Opie Lionel H, Seedat Yackoob K
Hatter Institute for Cardiology Research, University of Cape Town, Cape Town, South Africa.
Circulation. 2005 Dec 6;112(23):3562-8. doi: 10.1161/CIRCULATIONAHA.105.539569.
Hypertension in sub-Saharan Africa is a widespread problem of immense economic importance because of its high prevalence in urban areas, its frequent underdiagnosis, and the severity of its complications.
We searched PubMed and relevant journals for words in the title of this article. Among the major problems in making headway toward better detection and treatment are the limited resources of many African countries. Relatively recent environmental changes seem to be adverse. Mass migration from rural to periurban and urban areas probably accounts, at least in part, for the high incidence of hypertension in urban black Africans. In the remaining semirural areas, inroads in lifestyle changes associated with "civilization" may explain the apparently rising prevalence of hypertension. Overall, significant segments of the African population are still afflicted by severe poverty, famine, and civil strife, making the overall prevalence of hypertension difficult to determine. Black South Africans have a stroke rate twice as high as that of whites. Two lifestyle changes that are feasible and should help to stem the epidemic of hypertension in Africa are a decreased salt intake and decreased obesity, especially in women.

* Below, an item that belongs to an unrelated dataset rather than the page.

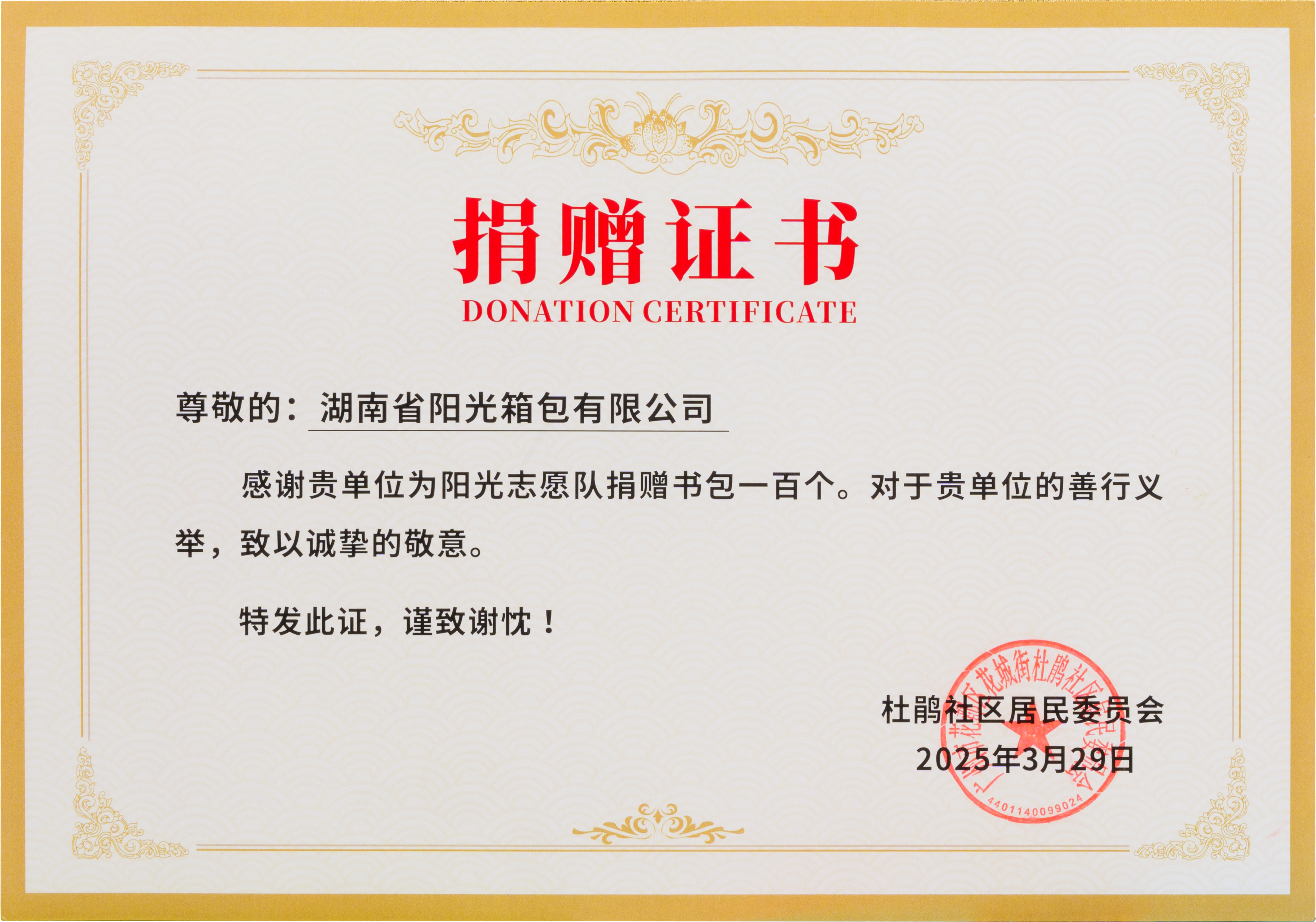 陽光箱包集團榮獲捐贈證書

Overall, differences from whites in etiology and therapeutic responses in sub-Saharan African populations are graded and overlapping rather than absolute. Further studies are needed on black Africans, who may (or may not) be genetically and environmentally different from black Americans and from each other in different parts of this vast continent.
撒哈拉以南非洲地区的高血压是一个广泛存在且具有重大经济意义的问题,这是由于其在城市地区的高患病率、频繁的诊断不足以及并发症的严重性。
我们在PubMed及相关期刊中搜索了本文标题中的词汇。在推进更好的检测和治疗方面的主要问题包括许多非洲国家资源有限。相对近期的环境变化似乎是不利的。从农村到城郊和城市地区的大规模迁移可能至少部分解释了城市非洲黑人中高血压的高发病率。在其余的半农村地区,与“文明”相关的生活方式改变可能解释了高血压患病率明显上升的原因。总体而言,非洲人口的很大一部分仍受严重贫困、饥荒和内乱困扰,这使得高血压的总体患病率难以确定。南非黑人的中风发病率是白人的两倍。两种可行且应有助于遏制非洲高血压流行的生活方式改变是减少盐摄入量和降低肥胖率,尤其是在女性中。
总体而言,撒哈拉以南非洲人群在病因和治疗反应方面与白人的差异是分级且重叠的,而非绝对的。需要对非洲黑人进行进一步研究,在这个幅员辽阔的大陆的不同地区,他们可能(或可能不)在基因和环境方面与美国黑人以及彼此之间存在差异。